DRRC Organization and Operation
Douglas Ridge Rifle Club was founded in 1956. The Club sits on about 130 acres of woods (primarily Douglas Fir), open meadows, and a ridge rising 400 feet above the flatland. Neighboring properties are a mix of agricultural land, residences, and commercial businesses. DRRC is operated under a conditional use permit, and over the years DRRC has expanded to include six ranges, with a membership of over 800 people, and supports more than a dozen shooting disciplines. Our 1,000-yard Range is the longest Long Range in the state and one of the very few on the west coast.
DRRC is run by a board of officers governed by a set of by-laws. Officers are President, Vice President, Secretary, Treasurer, and Executive Officer. There are also six board mebers/trustees and a range host who lives on the property.

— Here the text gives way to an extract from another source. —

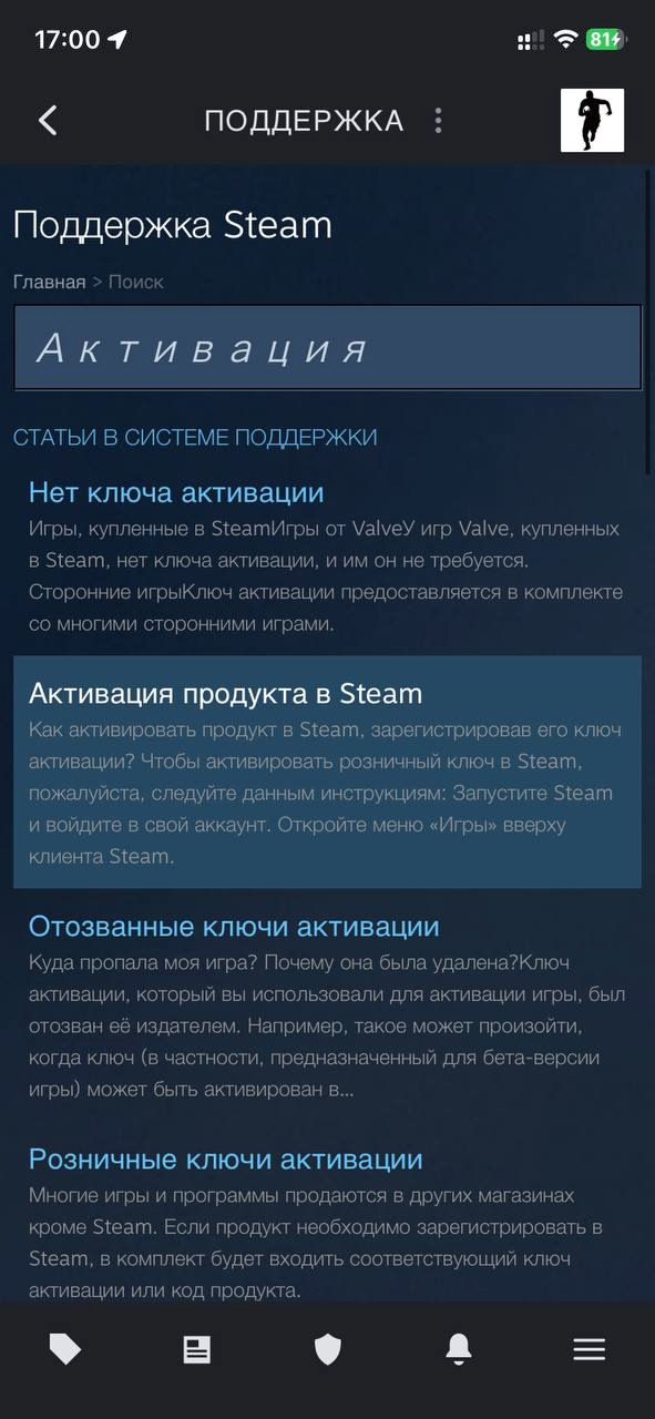 - В результатах поиска найди ссылку на статью "Активация продукта в Steam".

A Chief Range Safety Officer is in charge of training Range Safety Officers (RSOs) who, in turn, supervise shooting safety at the range.
Individual shooting disciplines are organized and directed by Discipline Directors who are approved by the board and in charge of organizing, scheduling and running matches and practices. They are aided by Range Safety Officers to insure that all range activities are safe.

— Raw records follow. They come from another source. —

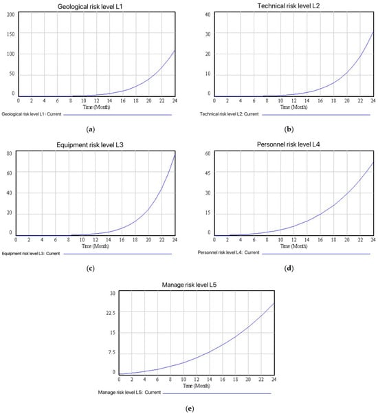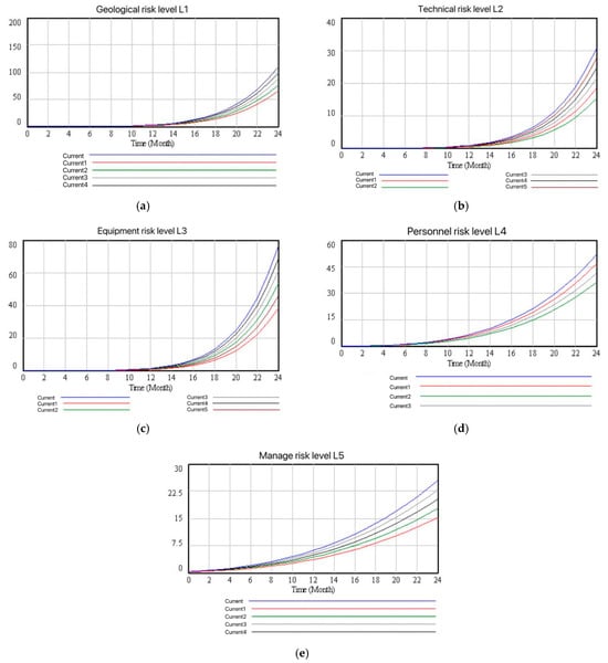 Figure 10. Evolution trend of subsystems. (a) Trends in geological risk evolution. (b) Trends in technological risk evolution. (c) Evolution trend of equipment risks. (d) Trends in personnel risk evolution. (e) Managing risk evolution trends.
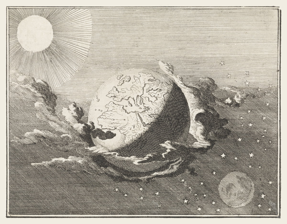 18th-century Dutch engraving of Earth from outerspace. This work originally appeared in a volume of scriptural history, perhaps illustrating the Creation scene.
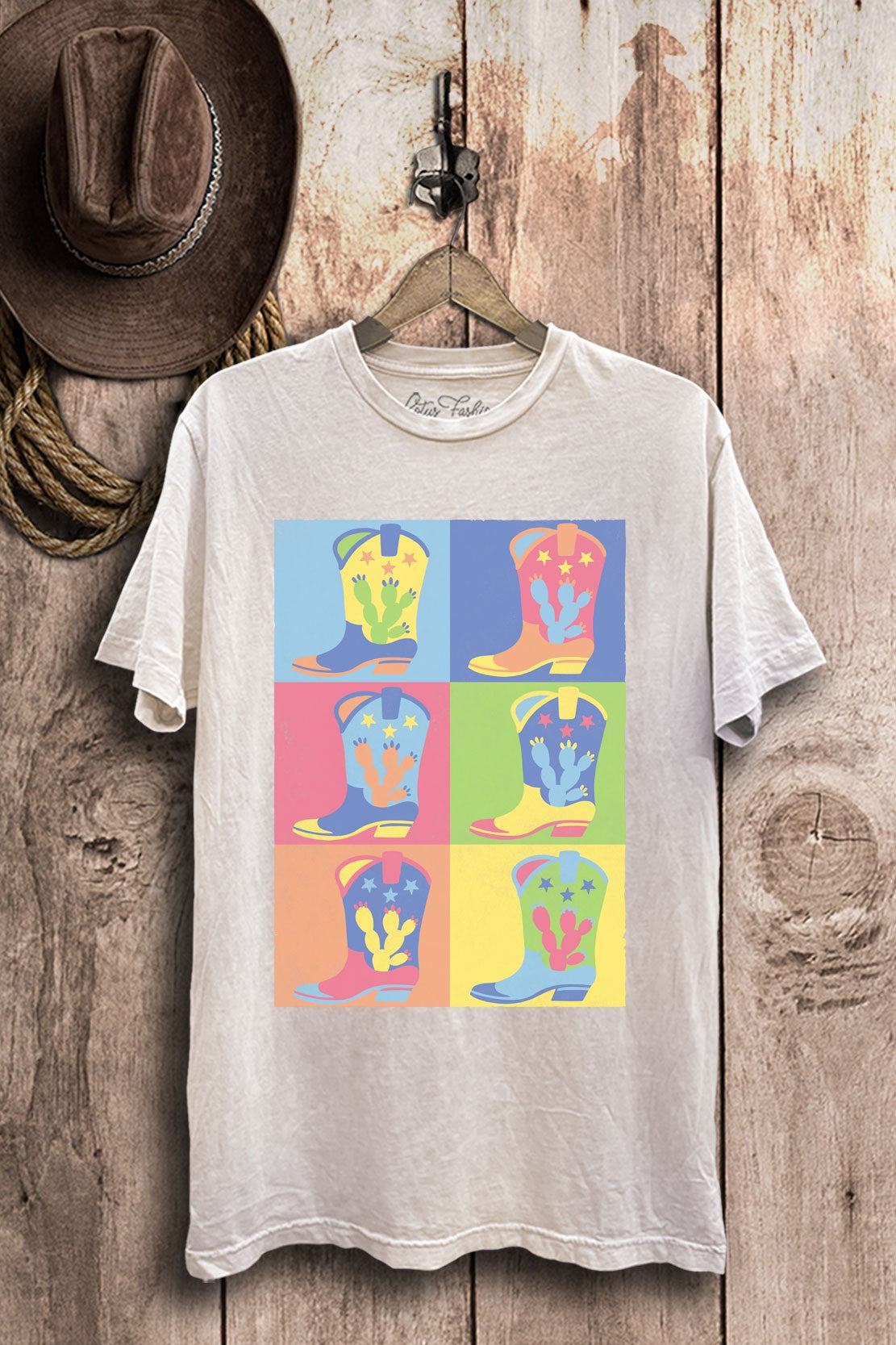 Ride into style with the Never Enough Pairs Boots Western Graphic T-Shirt -- a vintage-inspired graphic tee that’s effortlessly cool and endlessly wearable. Crafted in a mineral-washed 100% cotton, this tee is loose in all the right places with a soft drape, an open crew neckline, and slightly dropped sleeves for that laid-back retro vibe. Featuring an exclusive hand-drawn design, silk-screened in-house at our Los Angeles studio, this top is as original as it gets.
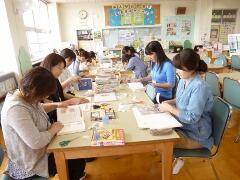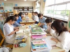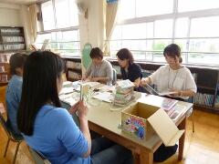 氏家図書館団体貸出の本を、返却する前に全部あるかチェックしていただいています・
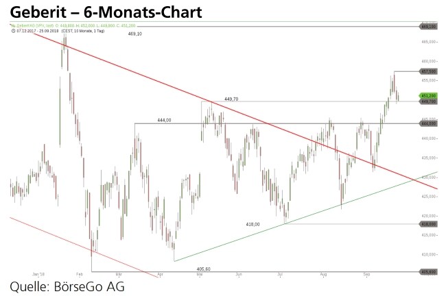 Rückblick: Die Aktien von Geberit erreichten nach einer starken Rallyphase im Juli 2017 ein Hoch bei 486,90 CHF, um sich anschliessend in eine Korrektur zu begeben.

A Monthly newsletter is published and provided to members. Each newsletter has current range information and other information that members need to be aware of, a calendar of events for each day of the month, and the names and phone numbers of all Officers, Discipline Directors, and other key people.

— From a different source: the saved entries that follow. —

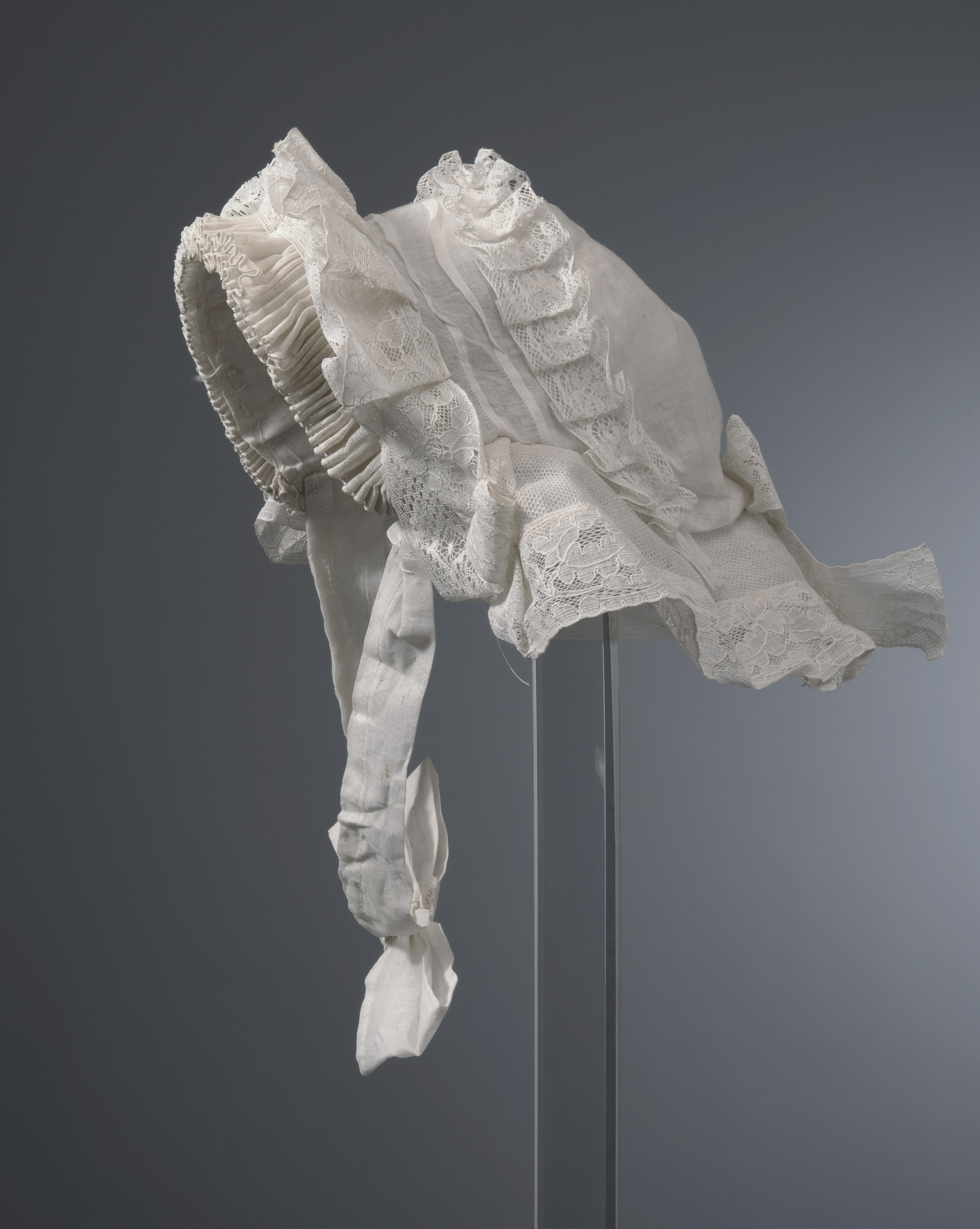 'Morgenmuts' van wit neteldoek, tule en kant. De muts is afkomstig uit Noord-Brabant.
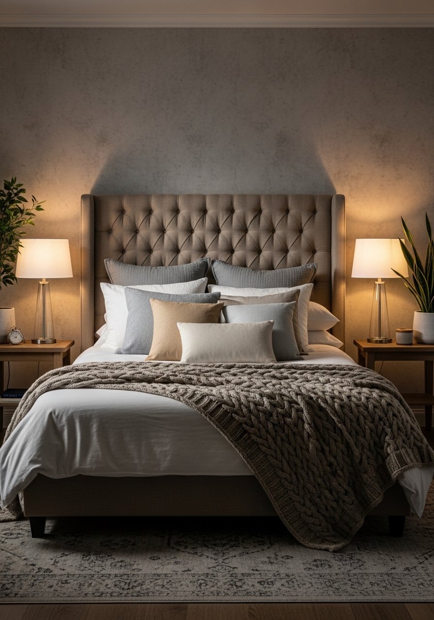 A statement headboard changed my bedroom from basic to finished. Choose an upholstered vertical headboard to add height and anchor bedding. I picked a warm beige fabric and layered with textured pillows, including 22-inch euro pillow inserts. Avoid tiny headboards on large beds—they disappear. This creates a focal point and makes the whole room feel deliberate, especially when paired with simple nightstands and soft lighting.
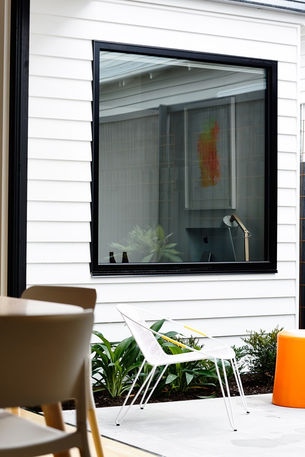 บริเวณตัวบ้านภายนอกด้านหนึ่งจะโดดเด่นด้วยโครงสร้างของบ้านที่มีสีดำและขาวตัดกัน มีมุมนั่งเล่นนอกบ้าน จัดเป็นมุมพักผ่อน นั่งสบายๆ ตกแต่งอยู่บนพื้นคอนกรีต มีสวนและสนามหญ้าเล็กๆ ด้านหน้า ต้นไม้สูงใหญ่ร่มรื่น บรรยากาศดีทีเดียวเลยค่ะ
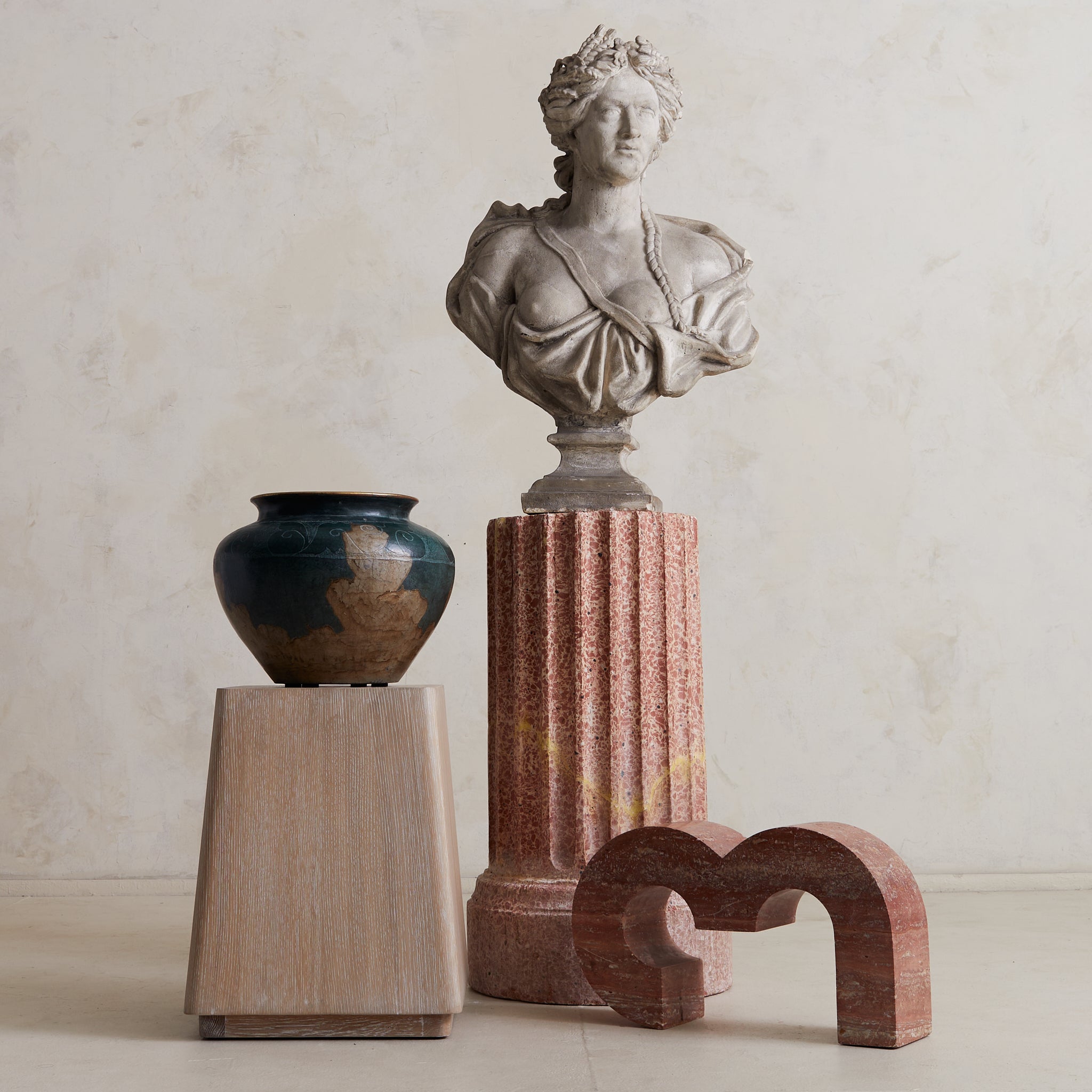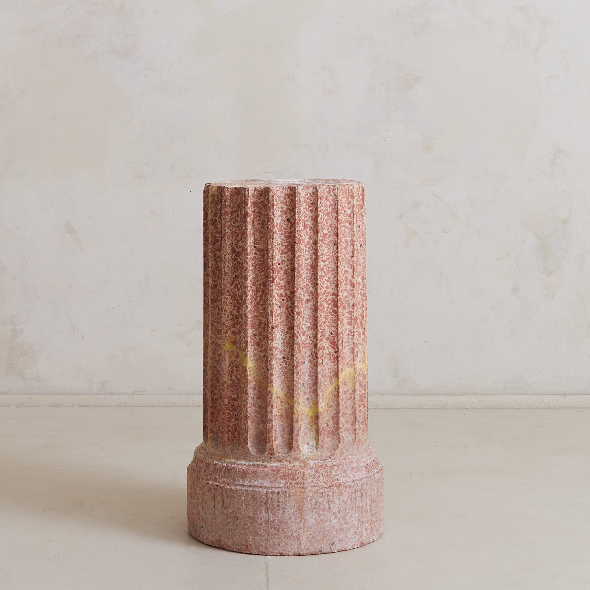 This Neoclassical pedestal features vertical fluting and a robust plinth, drawing upon the architectural language of ancient Rome. Its rose-toned body is subtly animated with golden ochre veining and tonal mottling. The piece functions equally well as an object of display or as a base for sculpture.

Monthly general membership meetings are held at the clubhouse and are open to all members, and all are encouraged to attend. There are also monthly Board meetings. General membership meeting are usuallly on the first Thursday of the month and regular Board meetings are usually on the last Thursday of the month. Check the calendar for changes or variations to this schedule.
Douglas Ridge Rifle Club is Handicapped friendly.
DRRC is totally member-supported. Part of each member's responsibilities is to contribute some of their time and energy each year to maintain and/or improve the club. This can be accomplished by volunteering to help at club events (e.g. competitions), at hunter sight-in days in the fall, range clean-up days in the spring, other range work days, and/or doing specific jobs that frequently occur. Every member has one or more talents than can be used by the club. Whatever you can do, it will benefit the club and the shooting sports.